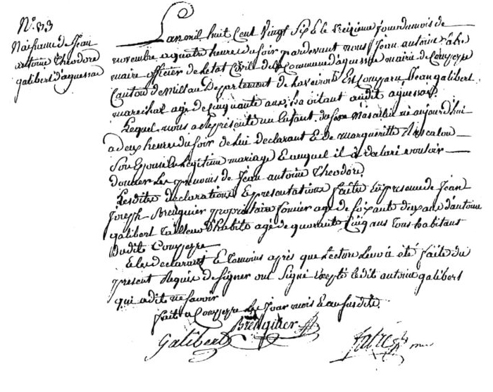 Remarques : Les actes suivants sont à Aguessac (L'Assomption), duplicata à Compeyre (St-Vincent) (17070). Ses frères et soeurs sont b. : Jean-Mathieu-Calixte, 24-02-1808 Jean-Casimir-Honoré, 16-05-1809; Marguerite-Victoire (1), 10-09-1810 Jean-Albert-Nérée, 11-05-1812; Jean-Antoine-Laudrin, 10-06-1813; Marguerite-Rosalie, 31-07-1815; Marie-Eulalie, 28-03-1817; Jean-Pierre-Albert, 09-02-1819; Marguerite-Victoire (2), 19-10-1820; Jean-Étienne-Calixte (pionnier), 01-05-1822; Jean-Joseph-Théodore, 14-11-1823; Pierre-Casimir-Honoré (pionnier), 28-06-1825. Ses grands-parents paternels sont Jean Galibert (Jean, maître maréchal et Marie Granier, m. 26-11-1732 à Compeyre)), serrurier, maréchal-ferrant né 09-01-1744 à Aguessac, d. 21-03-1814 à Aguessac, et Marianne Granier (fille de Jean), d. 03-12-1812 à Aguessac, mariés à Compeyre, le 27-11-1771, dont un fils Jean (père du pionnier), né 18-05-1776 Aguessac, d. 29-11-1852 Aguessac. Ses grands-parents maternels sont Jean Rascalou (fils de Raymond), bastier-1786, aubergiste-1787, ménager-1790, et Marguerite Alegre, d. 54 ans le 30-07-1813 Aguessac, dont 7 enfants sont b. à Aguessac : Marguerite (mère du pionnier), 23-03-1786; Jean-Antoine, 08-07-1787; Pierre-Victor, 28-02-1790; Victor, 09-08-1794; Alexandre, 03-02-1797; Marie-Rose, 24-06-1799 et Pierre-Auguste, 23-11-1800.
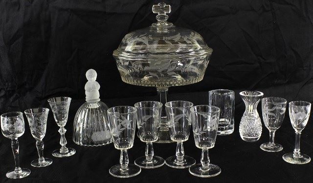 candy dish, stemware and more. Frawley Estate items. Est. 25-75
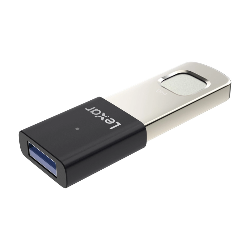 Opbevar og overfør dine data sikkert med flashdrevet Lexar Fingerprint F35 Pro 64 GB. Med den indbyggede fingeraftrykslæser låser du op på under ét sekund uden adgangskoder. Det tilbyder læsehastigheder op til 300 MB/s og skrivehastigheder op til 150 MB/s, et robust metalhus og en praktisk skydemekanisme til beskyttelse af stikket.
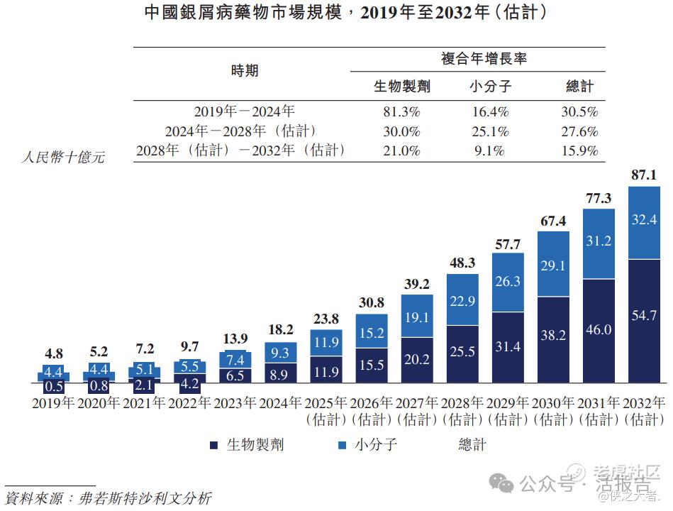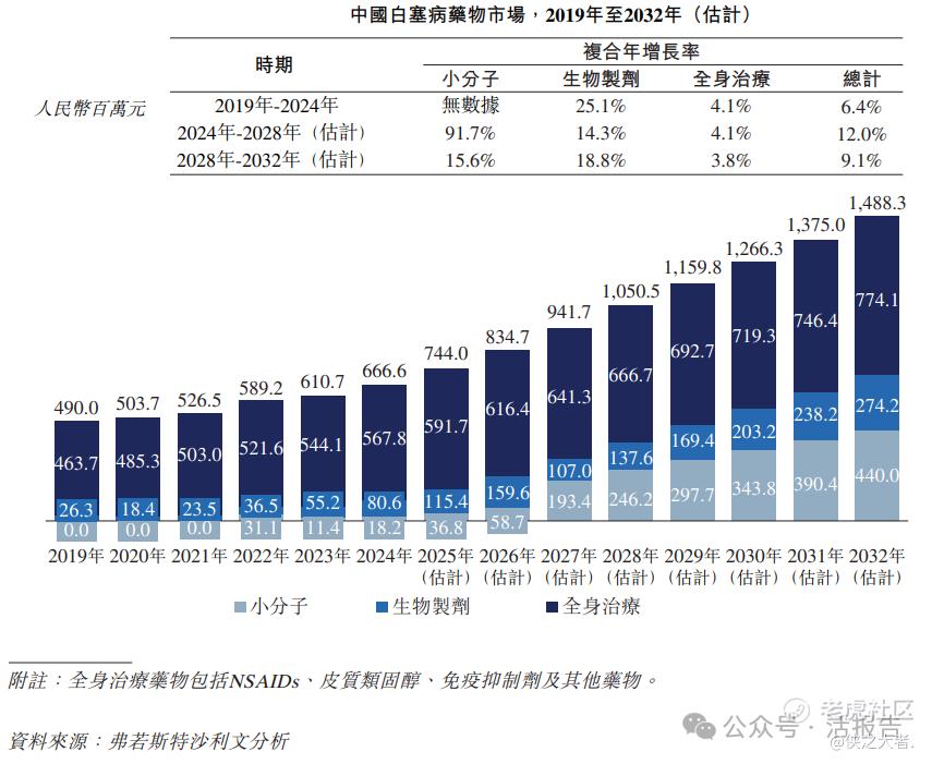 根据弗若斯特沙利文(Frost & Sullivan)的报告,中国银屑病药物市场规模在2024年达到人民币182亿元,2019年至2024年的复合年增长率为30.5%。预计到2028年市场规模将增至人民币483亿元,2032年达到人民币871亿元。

-- Requirement --
Omit every picture while copying the listing above exactly.

-- Solution to this task --
 Remarques : Les actes suivants sont à Aguessac (L'Assomption), duplicata à Compeyre (St-Vincent) (17070). Ses frères et soeurs sont b. : Jean-Mathieu-Calixte, 24-02-1808 Jean-Casimir-Honoré, 16-05-1809; Marguerite-Victoire (1), 10-09-1810 Jean-Albert-Nérée, 11-05-1812; Jean-Antoine-Laudrin, 10-06-1813; Marguerite-Rosalie, 31-07-1815; Marie-Eulalie, 28-03-1817; Jean-Pierre-Albert, 09-02-1819; Marguerite-Victoire (2), 19-10-1820; Jean-Étienne-Calixte (pionnier), 01-05-1822; Jean-Joseph-Théodore, 14-11-1823; Pierre-Casimir-Honoré (pionnier), 28-06-1825. Ses grands-parents paternels sont Jean Galibert (Jean, maître maréchal et Marie Granier, m. 26-11-1732 à Compeyre)), serrurier, maréchal-ferrant né 09-01-1744 à Aguessac, d. 21-03-1814 à Aguessac, et Marianne Granier (fille de Jean), d. 03-12-1812 à Aguessac, mariés à Compeyre, le 27-11-1771, dont un fils Jean (père du pionnier), né 18-05-1776 Aguessac, d. 29-11-1852 Aguessac. Ses grands-parents maternels sont Jean Rascalou (fils de Raymond), bastier-1786, aubergiste-1787, ménager-1790, et Marguerite Alegre, d. 54 ans le 30-07-1813 Aguessac, dont 7 enfants sont b. à Aguessac : Marguerite (mère du pionnier), 23-03-1786; Jean-Antoine, 08-07-1787; Pierre-Victor, 28-02-1790; Victor, 09-08-1794; Alexandre, 03-02-1797; Marie-Rose, 24-06-1799 et Pierre-Auguste, 23-11-1800.
 candy dish, stemware and more. Frawley Estate items. Est. 25-75
 Opbevar og overfør dine data sikkert med flashdrevet Lexar Fingerprint F35 Pro 64 GB. Med den indbyggede fingeraftrykslæser låser du op på under ét sekund uden adgangskoder. Det tilbyder læsehastigheder op til 300 MB/s og skrivehastigheder op til 150 MB/s, et robust metalhus og en praktisk skydemekanisme til beskyttelse af stikket.
 根据弗若斯特沙利文(Frost & Sullivan)的报告,中国银屑病药物市场规模在2024年达到人民币182亿元,2019年至2024年的复合年增长率为30.5%。预计到2028年市场规模将增至人民币483亿元,2032年达到人民币871亿元。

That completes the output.